While there are many technical aspects to explore, such as the mixture of experts and faster training speeds, let us now focus on a practical use case for Gemini 1.5 Pro.
A Practical Use Case for RAG and Gemini 1.5 Pro
Imagine you are an amateur investor excited about the latest advancements in the AI sector. As a forward-thinking investor, you have purchased stocks from a high-end graphics processing unit (GPU) manufacturer. At the beginning of 2024, you want to evaluate some of your investments, starting with their yearly financial reports.
After struggling for a few minutes to read the financial reports and tables, you realize that you lack both the time and financial expertise to analyze these lengthy documents filled with complex tables and jargon. You decide to use a large language model (LLM) to help you, but you soon discover that as the reports grow longer, the model begins to miss important information and sometimes hallucinates.
To solve this issue, you opt for a RAG approach. By splitting the documents into readable chunks and retrieving the most relevant pieces, you can feed your LLM with the necessary information to generate accurate answers. However, you may find that retrievers sometimes fail to provide relevant content, especially with documents containing custom table formats.
This is where Gemini 1.5 comes in. With its impressive 1 million context length and support for diverse modalities, including PDFs, it seems tailor-made for your task.
As an added challenge, consider that NVIDIA’s latest fiscal report, released on February 21st, 2024, falls outside the training data of current LLM models. Moreover, you plan to compare this almost 100-page document with its ~170-page predecessor from the previous year for in-depth analysis. Fortunately, Gemini 1.5 makes the process surprisingly simple — just drag and drop these files into your AI Studio chat, and it automatically handles the parsing and provides token counts for each document.
As you can see, both documents combined contain more than 220,000 tokens, surpassing the context limits of most LLM models. Now that you have uploaded both documents, you ask the most important question on your mind: “How is the company doing compared to the previous year, and how does that affect shareholder incomes?”

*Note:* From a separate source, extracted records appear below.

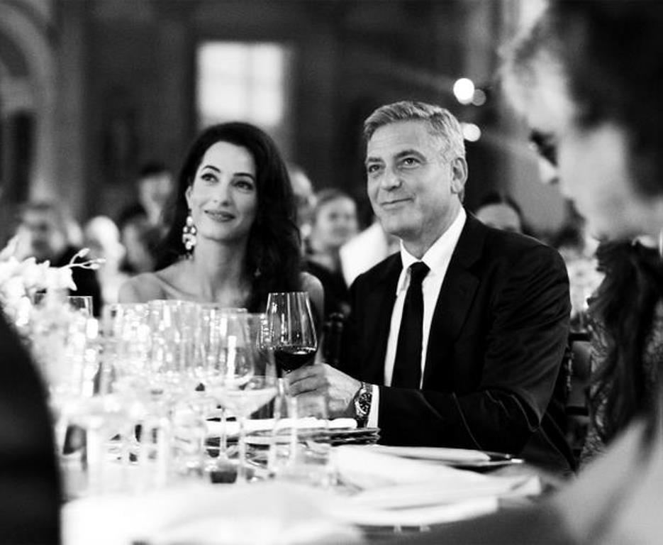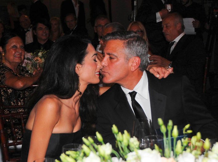 “I met my lovely bride-to-be here in Italy, whom I will be marrying, in a couple of weeks, in Venice, of all places,” and “Amal, I love you to death and I cannot wait to become your husband,” he told the crowd. 🙂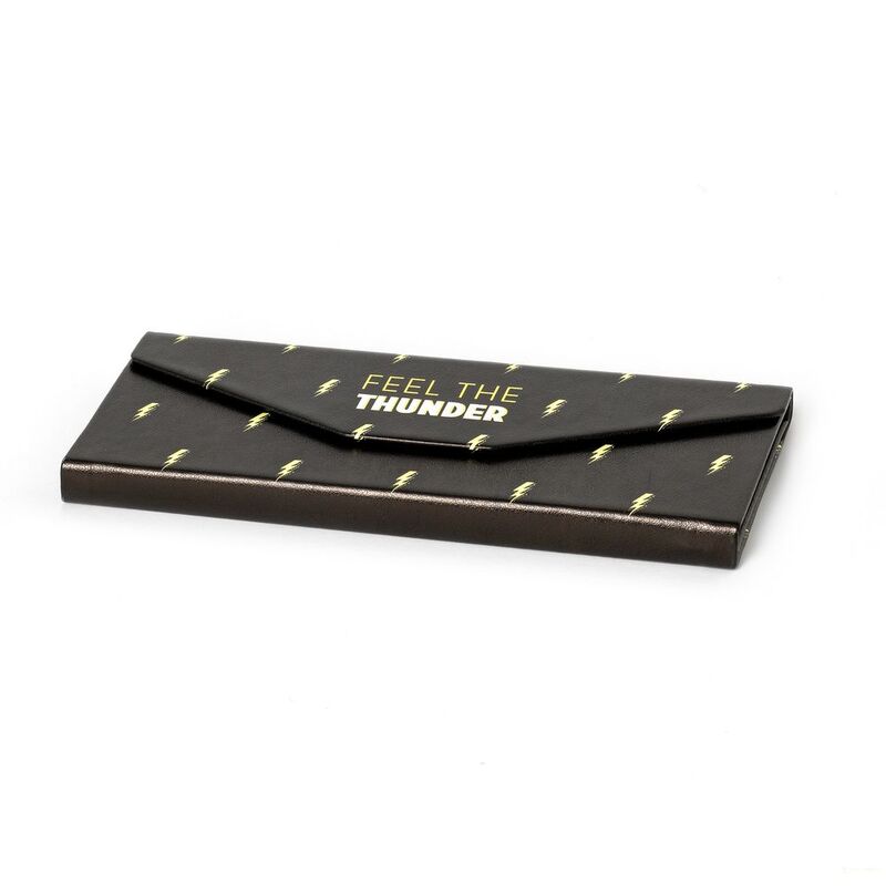 The Legami See You Soon Foldable Glasses Case - Flash is a cute and convenient solution to keeping your glasses safe and protected. With a gold foil finish, magnetic clasp and soft velvet lining, this handy case folds down flat when not in use.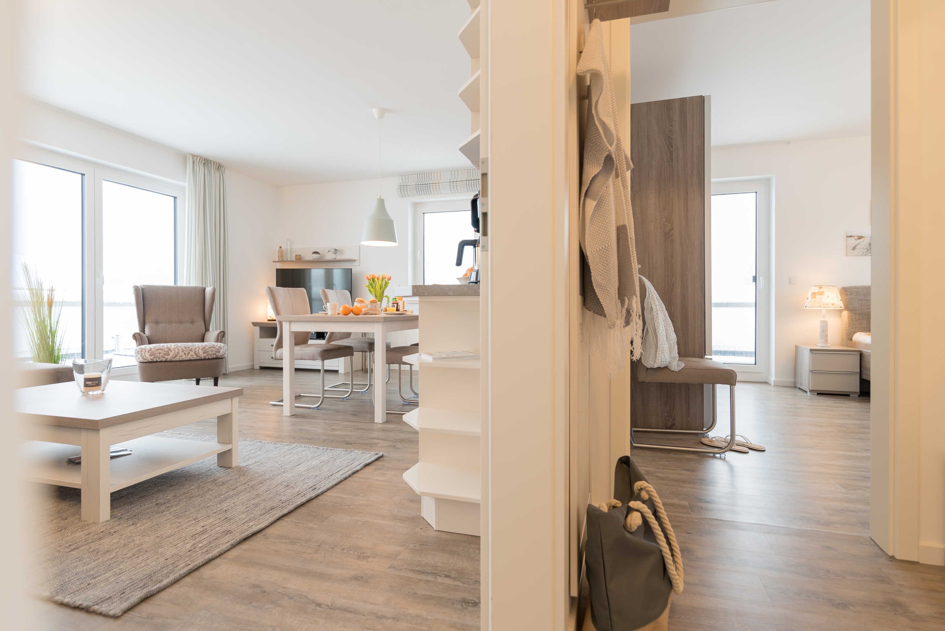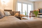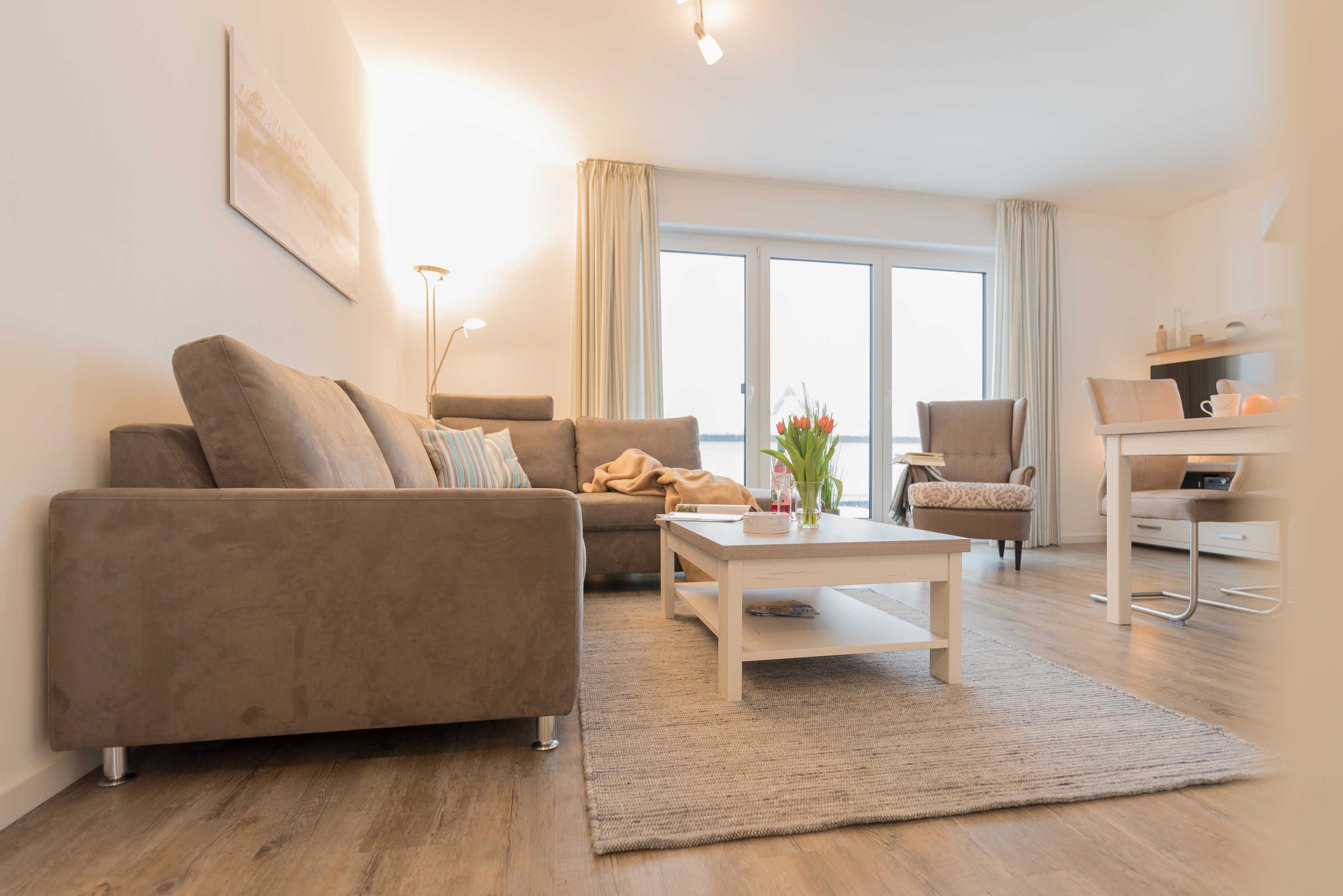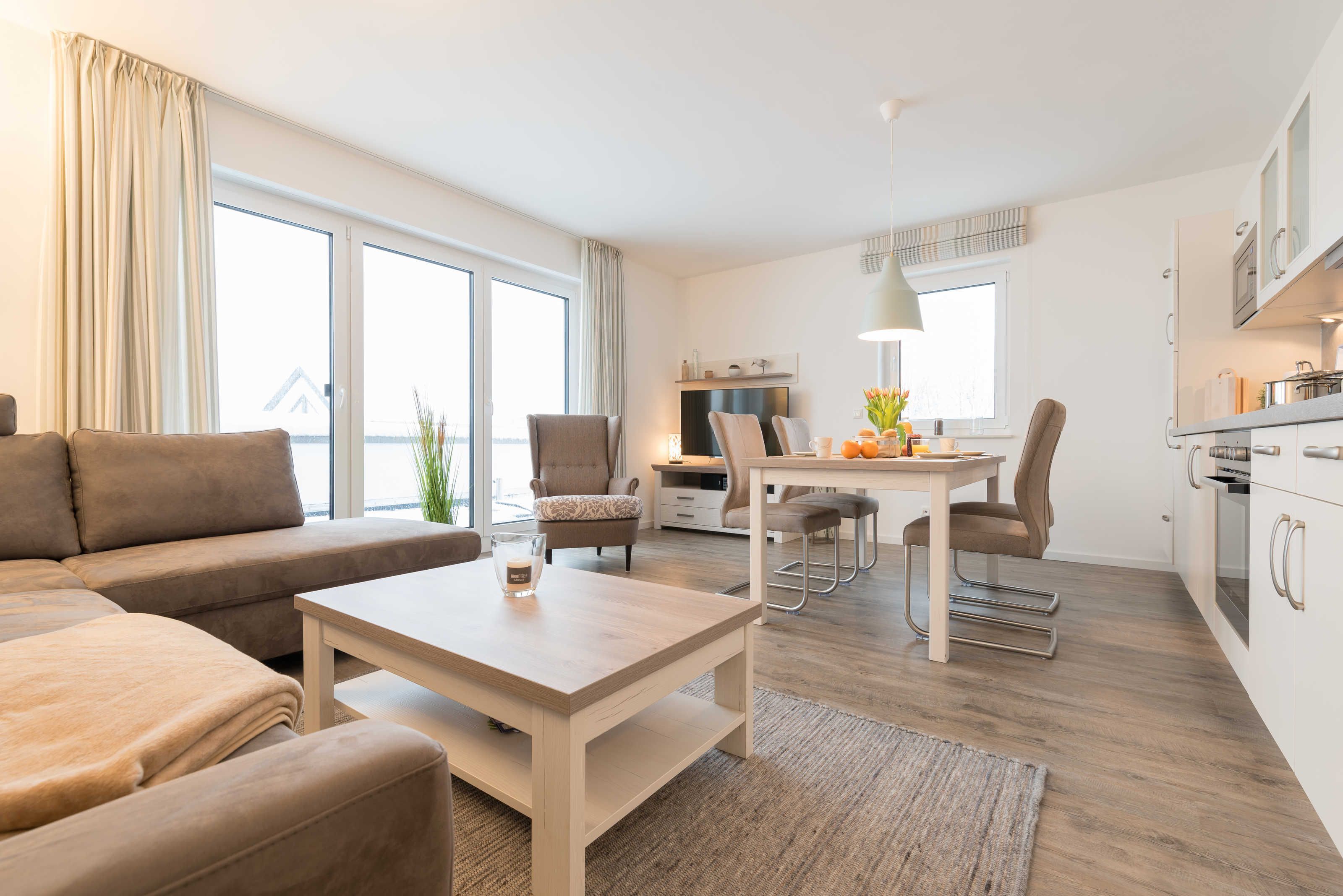 Im hellen und geschmackvoll eingerichteten Wohnzimmer laden eine gemütliche Couch mit passendem Sessel sowie ein großer Esstisch zum Verweilen ein. Die bodentiefen Terrassenelemente sorgen für lichtdurchfluteten Wohngenuss. Weiterhin gehören Flatscreen-TV´s im Wohn- und im Kinderzimmer, ein DVD-Player sowie eine Stereo-Anlage zur modernen Ausstattung dieser Ferienwohnung. Die Dachterrasse in West- und Nordausrichtung ist mit geschmackvollen Gartenmöbeln versehen. Sie umläuft das Haus an zwei Seiten und ist über Wohn- und Schlafzimmer erreichbar. Genießen Sie hier einen entspannten Urlaub beim Sonnenbad, bei gemeinsamen Mahlzeiten oder einfach beim Relaxen.

And just like that, Gemini 1.5 provides a clear and concise analysis, breaking down the information for you. The analysis reveals that the company is doing well and even offers insights into the reasons behind its success. Although you may not be an expert in financial analysis, you can still understand that the company’s performance is strong based on the information provided.
Feeling more confident in Gemini 1.5’s capabilities, you decide to ask another question: “What are the key factors that contributed to the company’s growth compared to the previous year?”:
Impressive, isn’t it? It seems artificial intelligence plays a significant role — quite the coincidence!
Even better, the extended context length allows for further exploration through additional questions, adding reports from the same company or others, or incorporating financial news sources, videos, and graphics to enrich your analysis. Remarkably, even with these lengthy reports, we’ve only utilized about a quarter of Gemini 1.5’s context capacity. This opens the door for extended and in-depth conversations, enabling you to swiftly grasp complex topics.
Conclusion
Gemini 1.5, with its expanded context length and multi-modality capabilities, effortlessly fits into your daily tasks, eliminating the need for complex RAG pipelines or dealing with “hallucinations.”
However, this does not diminish the value of RAGs. They continue to be helpful in situations where feeding the entire context to the LLM involves unknown costs or when information loss through chunking is minimal. Additionally, there are really long contexts that may still require chunking. In such cases, Gemini 1.5’s longer context length allows for feeding larger chunks, which is another advantage for more complex RAG systems.
The immense context length of Gemini 1.5 is truly promising, and I am excited to see how longer context models with MoE’s develop in the future.